Aim of the exercise
Nothing but the pictures may be dropped; the rest of the listing is to be written out exactly.

Extracted material below:

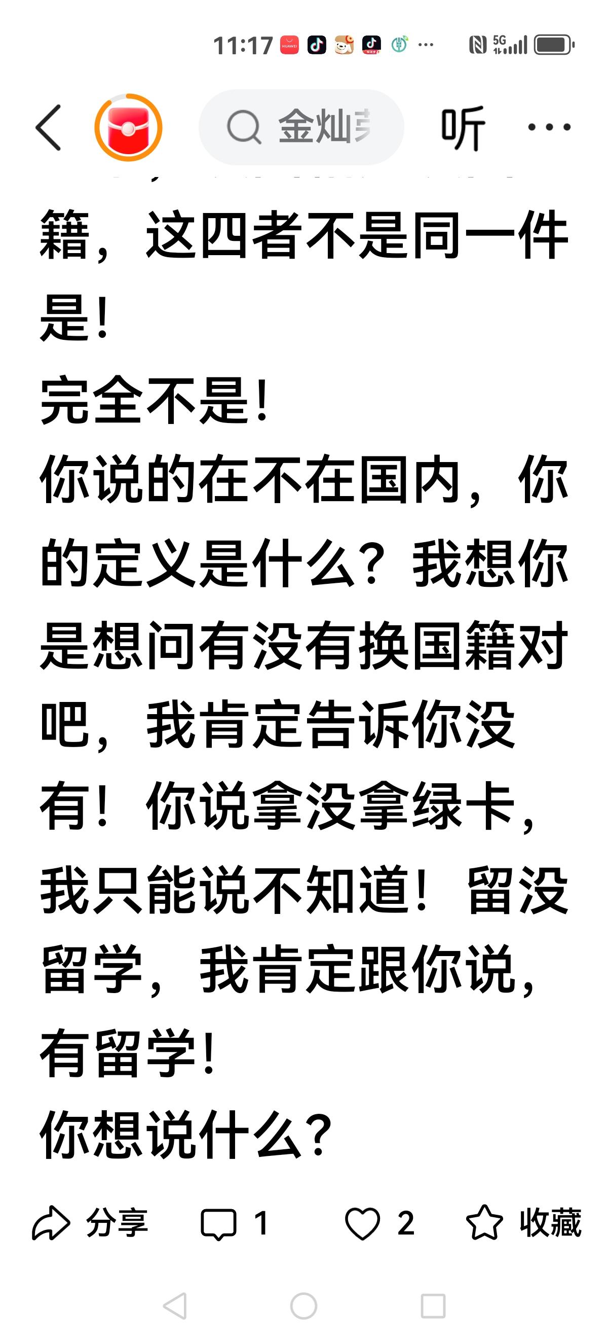 【尴尬到了极点】 出国有多种方式,比如旅游几天,出国留学几年,有的拿到绿卡,当然也有申请到国籍。 加入美国籍,外人无法知道的,你查不出来了,只有他退出美国籍,有一个退出后交税公示,你才能知道退出美国籍。 针对这几种,有记者很刁钻问两位大师:你们孩子有没有入美国籍或者拿绿卡? 大师回复堪称经典: 你说的意思是不是在国内?你的定义是什么? 你想问有没有加入美国籍?我告诉你没有。 有没有拿到绿卡,只能说不知道。 留没留学?肯定告诉你留学。 汉语丰富多彩,博大精深,被他们发挥到极致。
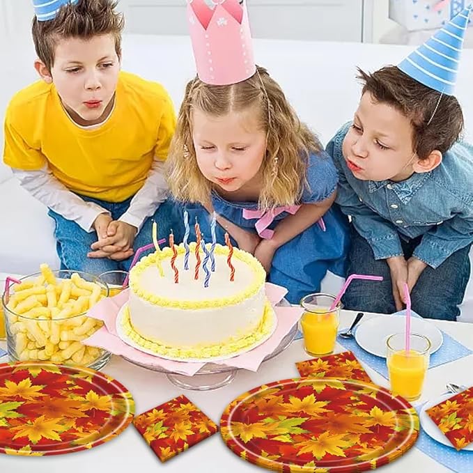 - Get a perfectly coordinated table without the stress! Everything in these fall birthday decorations – from the plates to the napkins – features the same lovely maple leaf pattern. It all works together beautifully, so you can create an elegant, put-together look in no time flat.
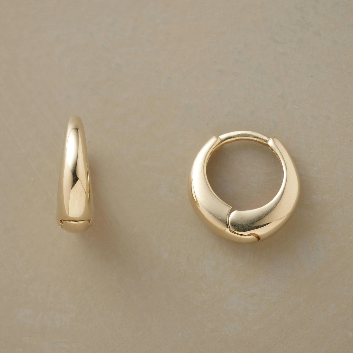 These tapered little Nava Zahavi hoop earrings in gleaming 14kt gold incorporate a precision mini hinge that locks them on the ear. A versatile style you may want to wear daily. 1/2″L.
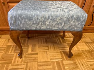 Comodo sgabello con un design patchwork. - Rivestimento in tessuto. - Gambe in legno.
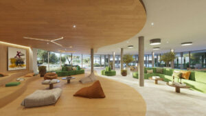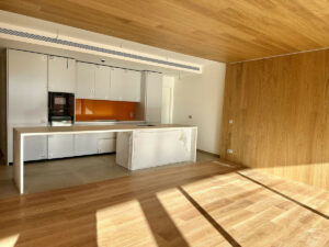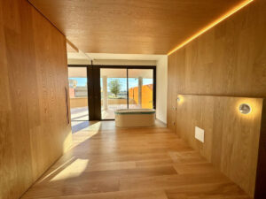 Suelo de madera combinado con detalles en madera natural en paredes y techos aportan calidez, textura y un carácter arquitectónico refinado en todo el hogar.
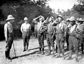 Hình 7. Giảng giải một số kiến thức có được về điều trị sốt rét thời chiến tranh cho binh lính  | Hình 8. Binh lính Anh uống thuốc Quinine như hình thức điều trị hàng loạt (MDA)  |
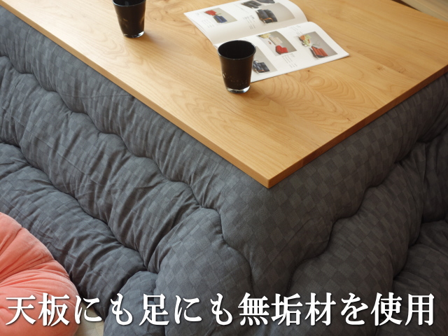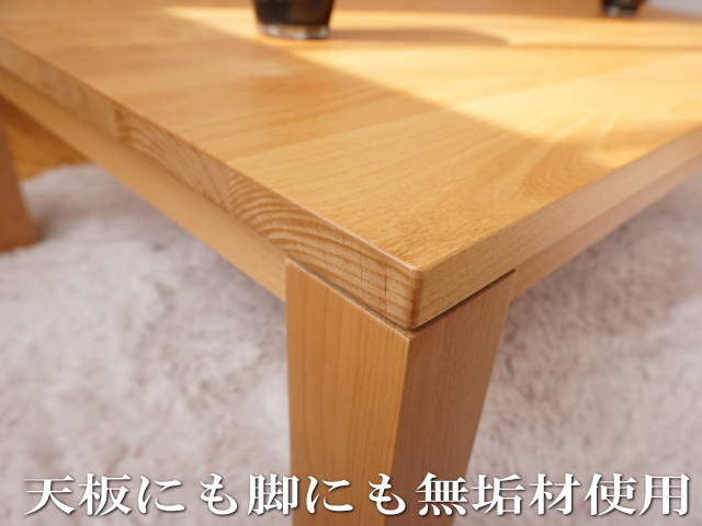 このこたつは、天板にも脚にも同じ樹種の天然無垢材を使用しています。
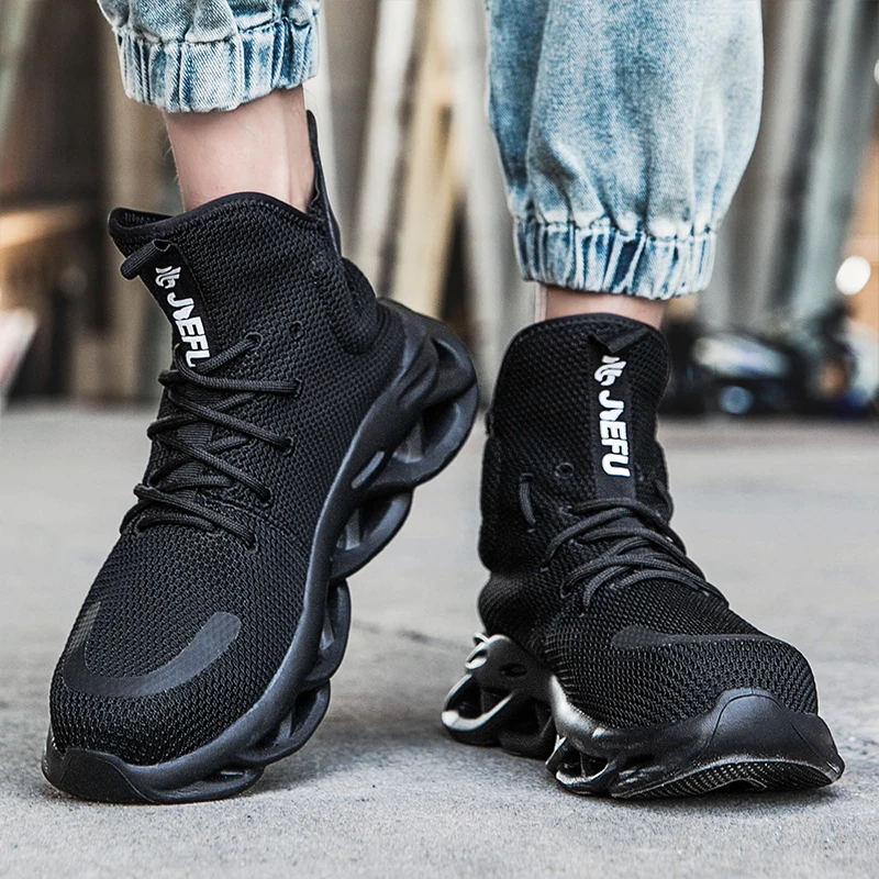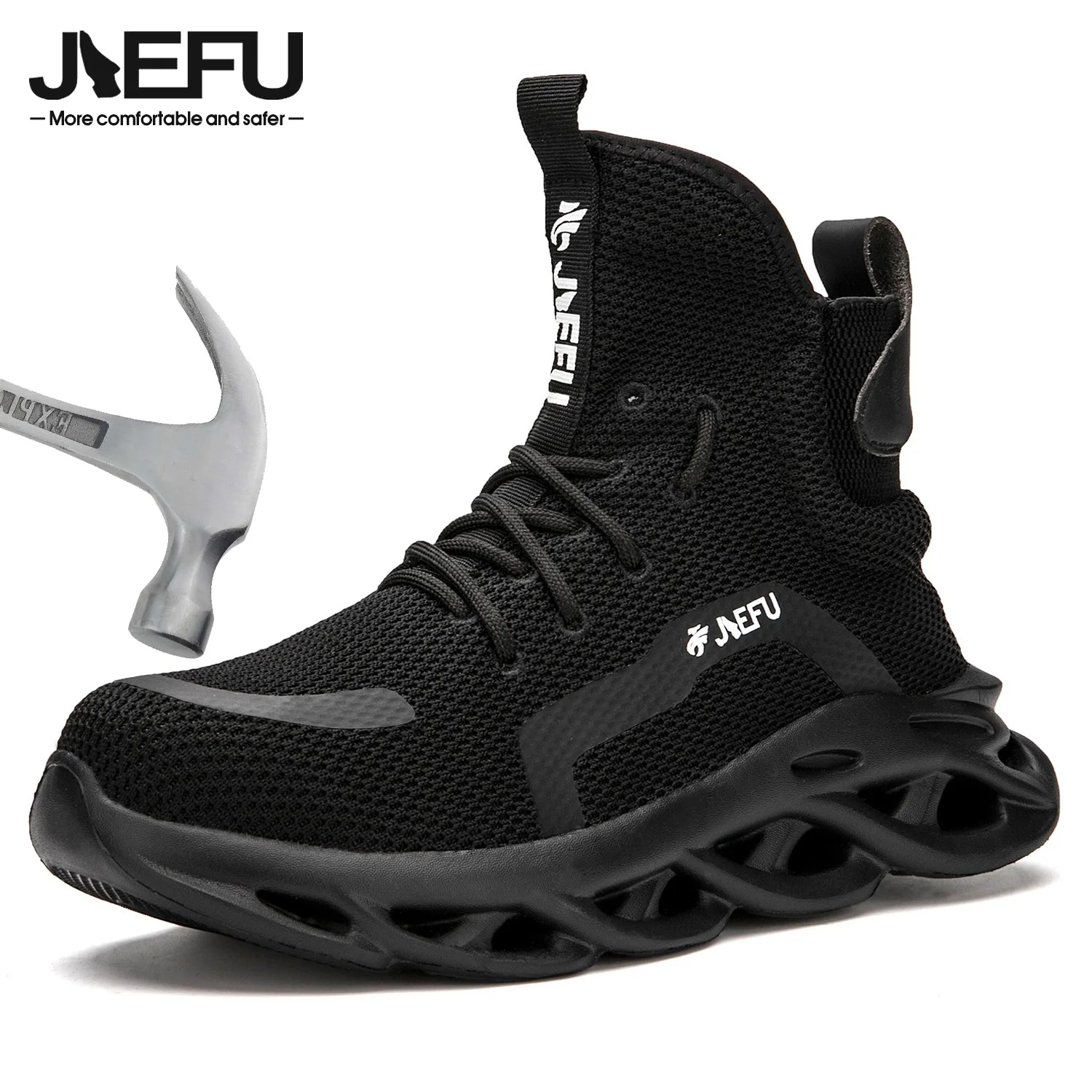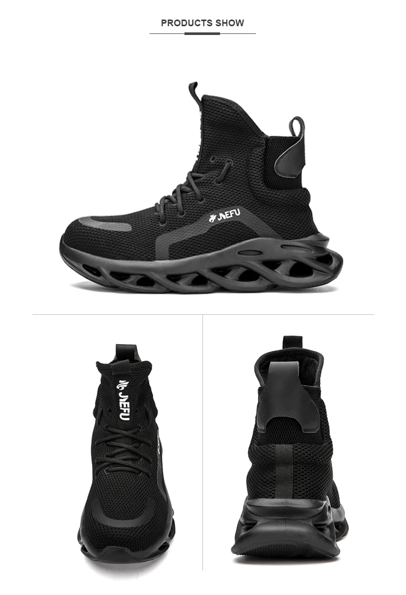 Рабочие ботинки JIEFU со стальным носком для мужчин, легкие, дышащие, Нескользящие, разрушаемые защитные ботинки для строительства
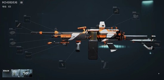 在三角洲行动中,M249轻机枪的改造主要涉及五个关键部位:枪口、前握把、倍镜、弹匣和枪托。
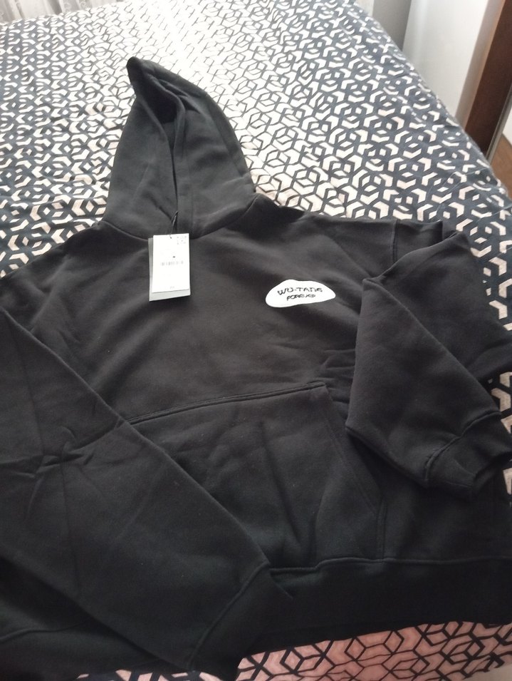 Siyah kadın sweatshirt, kapüşonlu ve uzun kolludur. Yumuşak fleece kumaştan üretilmiş, baskılı detay ve fermuar özelliği vardır. Normal boyda, rahat kesim ve sokak stili için uygundur.
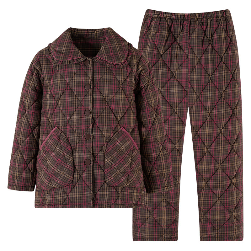 猫人睡衣女士冬季三层加厚加绒梭织纯棉夹棉珊瑚绒秋冬家居服
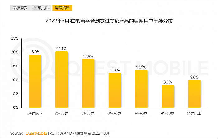 7、男性群体对于美妆消费关注愈发普及化,其中80、90后依然是主要关注群体,51岁以上年长用户亦展示出对美妆的兴趣
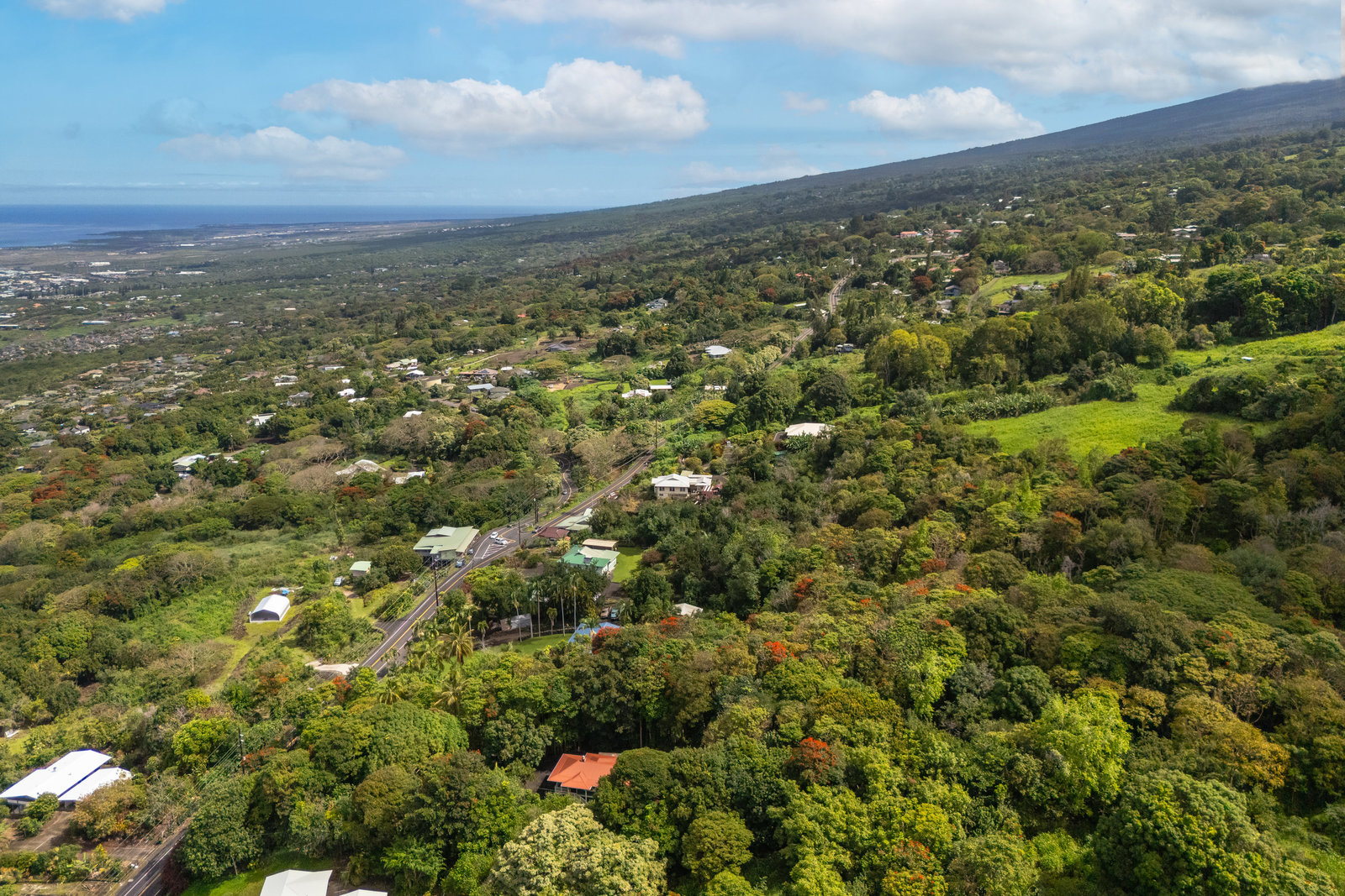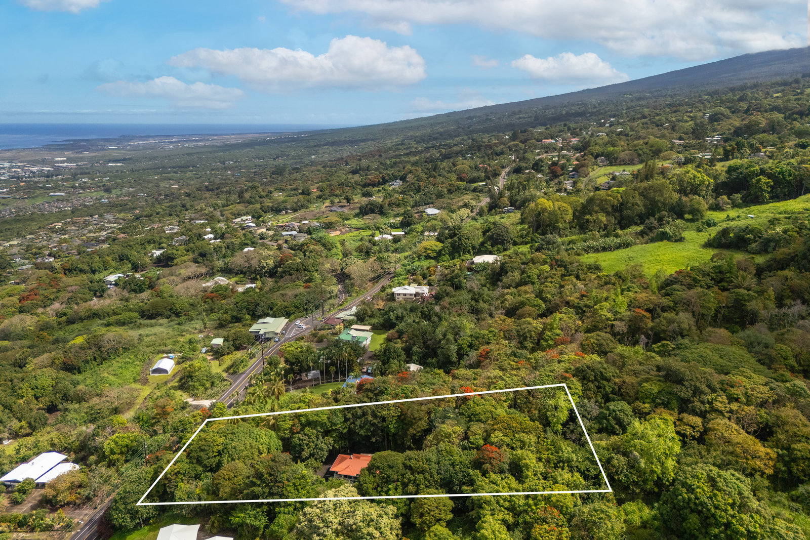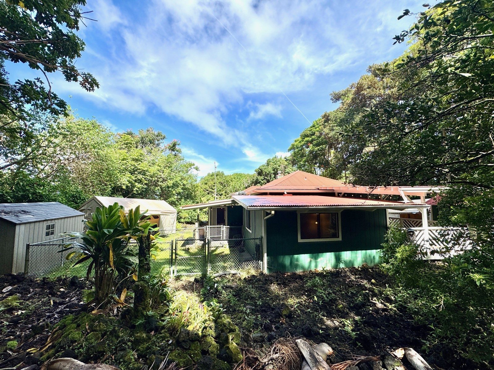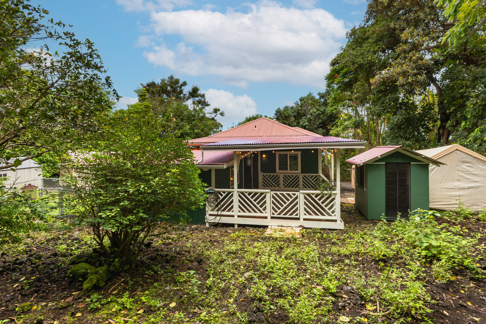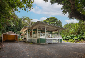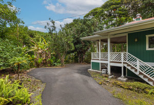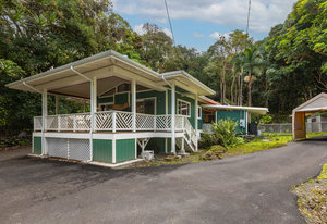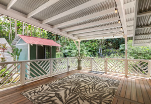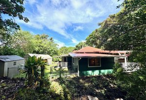 Experience timeless island charm in this beautifully rebuilt 2-bedroom, 1.5-bath home, ideally situated at a comfortable 1,200' elevation in the heart of Holualoa. Fully reconstructed in 2014, this picturesque residence is set on a full acre of lush tropical land, offering privacy, tranquility, and an abundance of mature fruit trees—mango, pomelo, lychee, dragon fruit, old-growth coffee, and multiple avocado varieties.

End of Extracted material.

Finished exercise
 【尴尬到了极点】 出国有多种方式,比如旅游几天,出国留学几年,有的拿到绿卡,当然也有申请到国籍。 加入美国籍,外人无法知道的,你查不出来了,只有他退出美国籍,有一个退出后交税公示,你才能知道退出美国籍。 针对这几种,有记者很刁钻问两位大师:你们孩子有没有入美国籍或者拿绿卡? 大师回复堪称经典: 你说的意思是不是在国内?你的定义是什么? 你想问有没有加入美国籍?我告诉你没有。 有没有拿到绿卡,只能说不知道。 留没留学?肯定告诉你留学。 汉语丰富多彩,博大精深,被他们发挥到极致。
 - Get a perfectly coordinated table without the stress! Everything in these fall birthday decorations – from the plates to the napkins – features the same lovely maple leaf pattern. It all works together beautifully, so you can create an elegant, put-together look in no time flat.
 These tapered little Nava Zahavi hoop earrings in gleaming 14kt gold incorporate a precision mini hinge that locks them on the ear. A versatile style you may want to wear daily. 1/2″L.
 Comodo sgabello con un design patchwork. - Rivestimento in tessuto. - Gambe in legno.
 Suelo de madera combinado con detalles en madera natural en paredes y techos aportan calidez, textura y un carácter arquitectónico refinado en todo el hogar.
 Hình 7. Giảng giải một số kiến thức có được về điều trị sốt rét thời chiến tranh cho binh lính  | Hình 8. Binh lính Anh uống thuốc Quinine như hình thức điều trị hàng loạt (MDA)  |
 このこたつは、天板にも脚にも同じ樹種の天然無垢材を使用しています。
 Рабочие ботинки JIEFU со стальным носком для мужчин, легкие, дышащие, Нескользящие, разрушаемые защитные ботинки для строительства
 在三角洲行动中,M249轻机枪的改造主要涉及五个关键部位:枪口、前握把、倍镜、弹匣和枪托。
 Siyah kadın sweatshirt, kapüşonlu ve uzun kolludur. Yumuşak fleece kumaştan üretilmiş, baskılı detay ve fermuar özelliği vardır. Normal boyda, rahat kesim ve sokak stili için uygundur.
 猫人睡衣女士冬季三层加厚加绒梭织纯棉夹棉珊瑚绒秋冬家居服
 7、男性群体对于美妆消费关注愈发普及化,其中80、90后依然是主要关注群体,51岁以上年长用户亦展示出对美妆的兴趣
 Experience timeless island charm in this beautifully rebuilt 2-bedroom, 1.5-bath home, ideally situated at a comfortable 1,200' elevation in the heart of Holualoa. Fully reconstructed in 2014, this picturesque residence is set on a full acre of lush tropical land, offering privacy, tranquility, and an abundance of mature fruit trees—mango, pomelo, lychee, dragon fruit, old-growth coffee, and multiple avocado varieties.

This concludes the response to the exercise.